▸ SOURCE MATERIAL
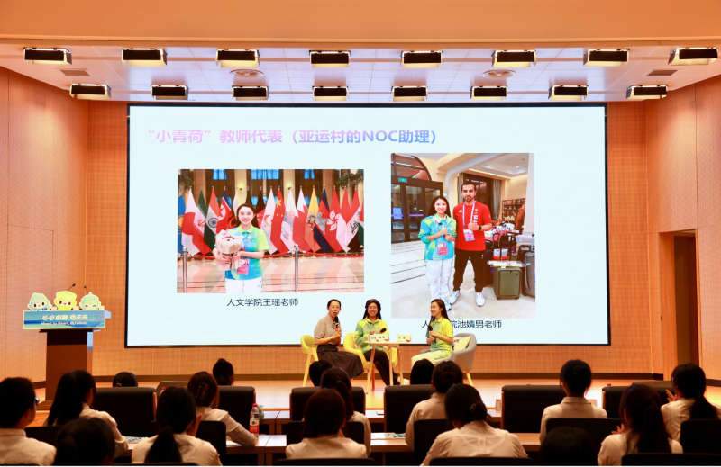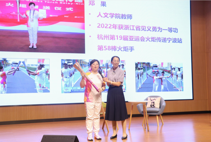 这堂思政课邀请到浙江省见义勇为一等功获得者、杭州第19届亚运会火炬传递宁波站第58棒火炬手郑果老师以及人文学院4位参与亚运会志愿服务工作的师生代表,以访谈的形式为大家讲述各自的亚运故事。
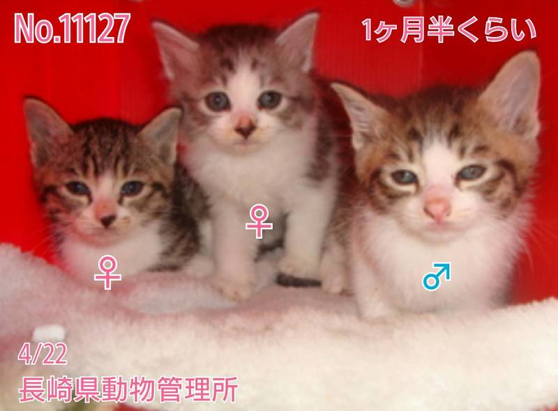 | 里親募集する理由 | 県外の方でも譲渡条件が合い、直接来所でお迎え可能であれば里親になれますのでどうぞ宜しくお願い致します! 突然連れて来られて収容され、どんなに寂しく心細いか。1日も早く温かい家庭の中で過ごさせてあげたいです。 ☆完全室内飼育にて家族として迎えて下さる方は、「引き渡し方法」にあります【アンケート】にお答えいただけますようお願い致します。 まだ生後1か月半位、そっくりな可愛い白キジちゃん3兄妹が収容されました。 写真左=メス(写真中央=メス)(写真右=オス) 助けを待っています! 人馴れしていて甘えん坊で可愛いです! 残念ながら長崎県は28年、29年度と殺処分数全国ワースト1位です。 ☆猫を飼養飼育していく為には日々、食費、医療費、トイレシート、猫砂以外にも経済的に費用がかかります。 時にはいたずらをして困らせる事もあるかもしれません。 年をとれば人間と同じ様に介護も必要になります。 可愛い可哀想というだけの安易なお気持ちでのご応募は猫にとっても幸せな事ではありません。深い愛情と責任を持ち終生完全室内飼育、避妊手術の出来る方 の、ご応募をお待ちしております 。 ※まだ幼く長時間のお留守番はできません。なるべくお留守番が少ないご家庭が望ましいです。 ?※土日祝がお休みの為、お迎えは平日のみとなります、又、先着順譲渡されている場合もございますので必ず事前にご確認、一度こちらへご連絡宜しくお願い致します。 良いご縁をお待ちしております(๑•ᴗ•๑)♡ |
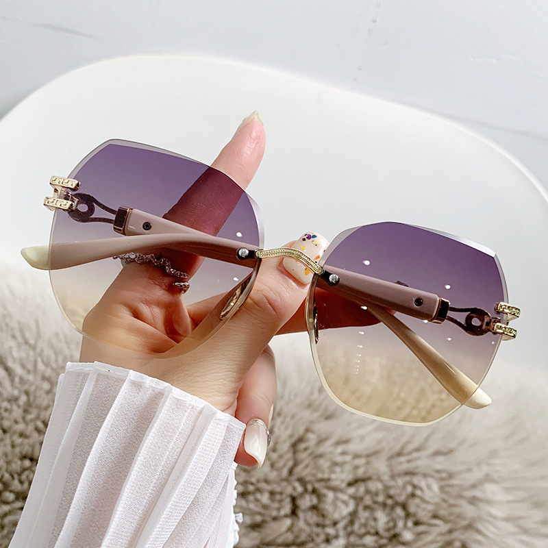 新品フレームレス多角形サングラスレディース高级感紫外线防止メガネおしゃれ大きい颜见せ痩せすっぴんサングラス
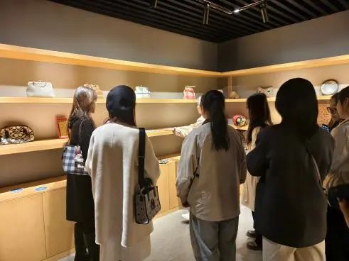 随后,公司师生前往荆楚纺织非遗馆参观学习。详细了解了古代纺织工艺“织”“染”“绣”的历史发展脉络与内涵,近距离接触到土家织锦、大悟织锦带、天门蓝印染等非遗纺织技艺。

▸ WORK TO BE COMPLETED
All the material above must be copied exactly, and no picture belongs in the copy.

▸ RESULT FOR THIS TASK
 这堂思政课邀请到浙江省见义勇为一等功获得者、杭州第19届亚运会火炬传递宁波站第58棒火炬手郑果老师以及人文学院4位参与亚运会志愿服务工作的师生代表,以访谈的形式为大家讲述各自的亚运故事。
 | 里親募集する理由 | 県外の方でも譲渡条件が合い、直接来所でお迎え可能であれば里親になれますのでどうぞ宜しくお願い致します! 突然連れて来られて収容され、どんなに寂しく心細いか。1日も早く温かい家庭の中で過ごさせてあげたいです。 ☆完全室内飼育にて家族として迎えて下さる方は、「引き渡し方法」にあります【アンケート】にお答えいただけますようお願い致します。 まだ生後1か月半位、そっくりな可愛い白キジちゃん3兄妹が収容されました。 写真左=メス(写真中央=メス)(写真右=オス) 助けを待っています! 人馴れしていて甘えん坊で可愛いです! 残念ながら長崎県は28年、29年度と殺処分数全国ワースト1位です。 ☆猫を飼養飼育していく為には日々、食費、医療費、トイレシート、猫砂以外にも経済的に費用がかかります。 時にはいたずらをして困らせる事もあるかもしれません。 年をとれば人間と同じ様に介護も必要になります。 可愛い可哀想というだけの安易なお気持ちでのご応募は猫にとっても幸せな事ではありません。深い愛情と責任を持ち終生完全室内飼育、避妊手術の出来る方 の、ご応募をお待ちしております 。 ※まだ幼く長時間のお留守番はできません。なるべくお留守番が少ないご家庭が望ましいです。 ?※土日祝がお休みの為、お迎えは平日のみとなります、又、先着順譲渡されている場合もございますので必ず事前にご確認、一度こちらへご連絡宜しくお願い致します。 良いご縁をお待ちしております(๑•ᴗ•๑)♡ |
 新品フレームレス多角形サングラスレディース高级感紫外线防止メガネおしゃれ大きい颜见せ痩せすっぴんサングラス
 随后,公司师生前往荆楚纺织非遗馆参观学习。详细了解了古代纺织工艺“织”“染”“绣”的历史发展脉络与内涵,近距离接触到土家织锦、大悟织锦带、天门蓝印染等非遗纺织技艺。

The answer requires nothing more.